Wildfires, like the Holy fire that torched 26,000 acres of the Santa Ana Mountains area in August, don’t typically pose a significant threat to cougars, expert sprinters as well as long-distance travelers who are skilled at escaping such threats.

But one study of Southern California cougars — also known as mountain lions and pumas — suggests that the increasing frequency and intensity of fires could reduce the animal’s habitat, which is already shrinking because of urbanization.

Cougar expert Winston Vickers worked on both that study and one on mountain lion mortality in Orange, Riverside and San Diego counties. The mortality study, which looked at 36 cougar deaths from 2001 to 2013, found that just two cats died from fires.

“They moved away from the fire as it moved,” Vickers said of the two fire fatalities. “Then they moved back into the fire area, burned their feet and died. They couldn’t hunt and probably starved to death. They didn’t get burns on the rest of their bodies.”

In order to avoid firefighters, the two cats may have returned too early to the burn area, said Vickers, a veterinarian at the UC Davis Wildlife Health Center.

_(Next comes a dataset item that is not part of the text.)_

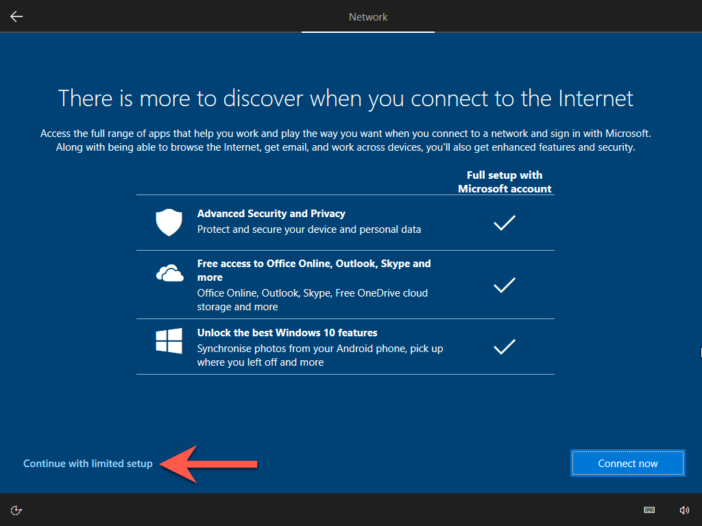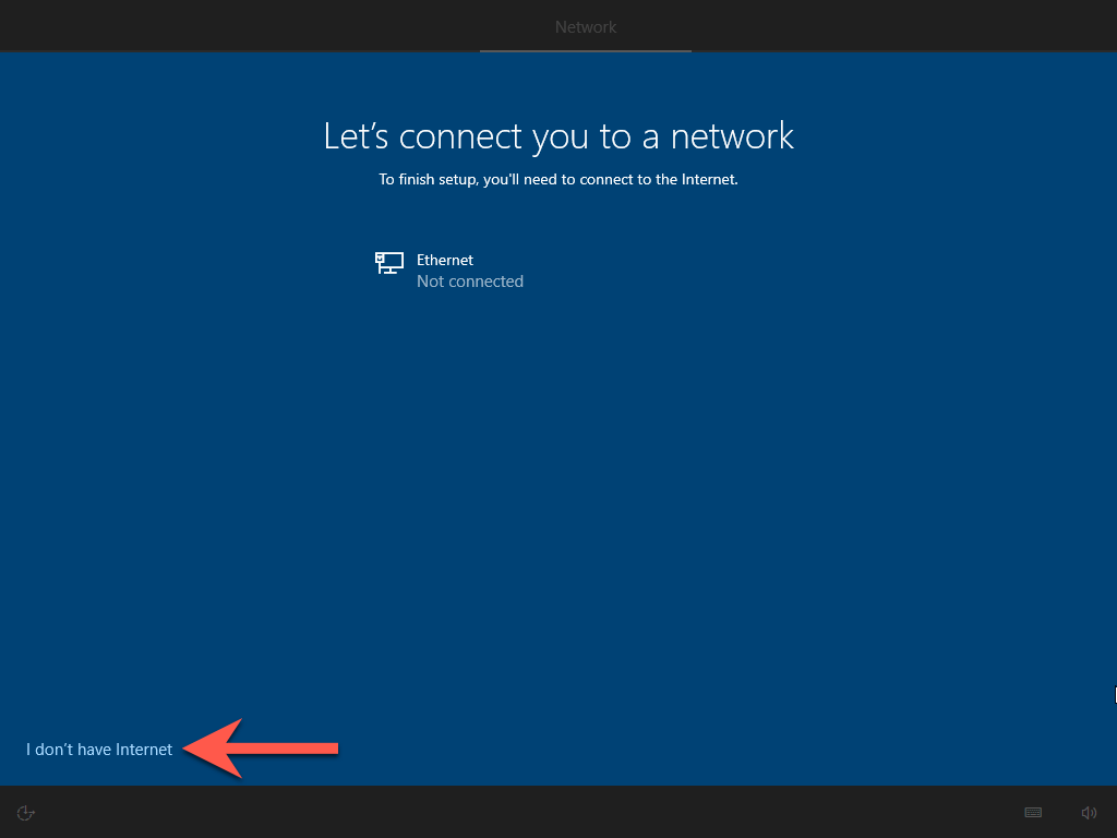 Note: Windows Setup will not connect to the internet due to missing network drivers. You can restore online connectivity after reaching the Windows 10 desktop.

“Mountains lions mostly dodge the fire pretty well unless they get caught in between two areas that are burning,” he said.

Long term effects

The other study, which looked at the longer term effect of fires on cougars, found that wildfires create and reinvigorate deer grazing areas. That can increase deer populations, bolstering the favored prey of mountain lions and attracting the cats to those new and renewed grazing areas.

But while they may make forays into more open areas while hunting, the notoriously stealthy mountain lions prefer more heavily vegetated terrain. The increase in wildfires poses a threat to that.

“Fire-inducing habitat changes in an urbanizing landscape will reduce the quality or availability of puma habitat in an ecosystem where their persistence is already threatened by urbanization and habitat fragmentation,” according to the study.